Das Linzer KI-Startup NXAI hat sein neuestes Modell TiRex-2 veröffentlicht. Die Entwicklung des sogenannten „Time Series Foundation Models“ (Zeitreihen-Basismodell) stand unter der wissenschaftlichen Leitung von KI-Pionier Sepp Hochreiter, der Mitgründer ist und als Chief Scientist des Startups fungiert.

Das Modell wurde auch als Open-Source-Software frei zugänglich gemacht. Es ist darauf spezialisiert, historische Datenreihen aus der Industrie zu analysieren, um zukünftige Entwicklungen vorherzusagen. In der Presseaussendung zum Release zeigt sich das Startup selbstbewusst: „Europa kann doch SOTA-Modelle“ (Anm. State of the Art). Laut Hochreiter teilt sich das neue Modell in den offiziellen Bestenlisten „die Spitzenplätze mit AWS“.
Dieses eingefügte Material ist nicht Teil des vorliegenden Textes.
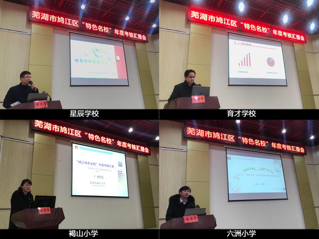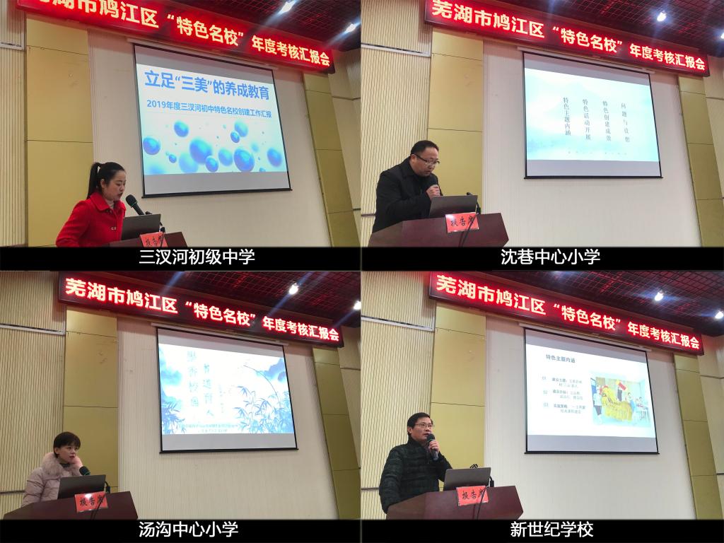 此次会议旨在根据《芜湖市鸠江区教育系统“三名工程”“鸠江特色名校”年度考核方案》,对照鸠江“特色名校”的建设要求,对建设学校开展全面、系统的考评,以期切实发挥特色名校的示范、引领和辐射作用。上午的汇报环节由三十二中学、二坝中心小学、翰文学校、三汊河初级中学、沈巷中心小学、汤沟中心小学、新世纪学校、星辰学校、育才学校、褐山小学、六洲小学依次进行了2019年的特色名校创建总结PPT汇报,五位评委进行现场评分。汇报PPT内容包括特色主题内涵,特色活动开展、特色创建成效、问题与设想四个维度。各校汇报主题分别为“足下逐梦、快乐足球”、“‘向真’特色课程建设”、“智达翰林,体通文质”、“立足三美的养成教育”、“建诗韵校园,韵诗意师生”、“墨香校园,书道育人”、“五育并举,树‘三品’新人”、“学校·社区·家庭三结合教育”、“传承粟裕精神,坚持三全育人”、“构建育心育人的校园生态文化”、“关爱汇聚力量,‘优先’构筑希望”。

Mehrere Signale gleichzeitig im Blick

Die wesentliche technische Neuerung des Modells liegt in der Verarbeitung multivariater Zeitreihen. Während herkömmliche Vorhersagesysteme oft nur eine einzelne Datenreihe anhand ihrer eigenen Vergangenheit analysieren, bezieht TiRex-2 zusätzliche Einflussfaktoren – in der Fachsprache Kovariaten genannt – mit ein. Für Industrieunternehmen soll das zum entscheidenden Vorteil werden, da Maschinen und Prozesse selten nur ein isoliertes Signal erzeugen. In der Praxis bedeutet dies: Will ein Logistik- oder Energiebetrieb den künftigen Verbrauch prognostizieren, kann das Modell neben den historischen Verbrauchsdaten auch begleitende Faktoren wie das Wetter, Kalenderdaten oder Produktionspläne auswerten. Das macht die Vorhersagen präziser und aussagekräftiger.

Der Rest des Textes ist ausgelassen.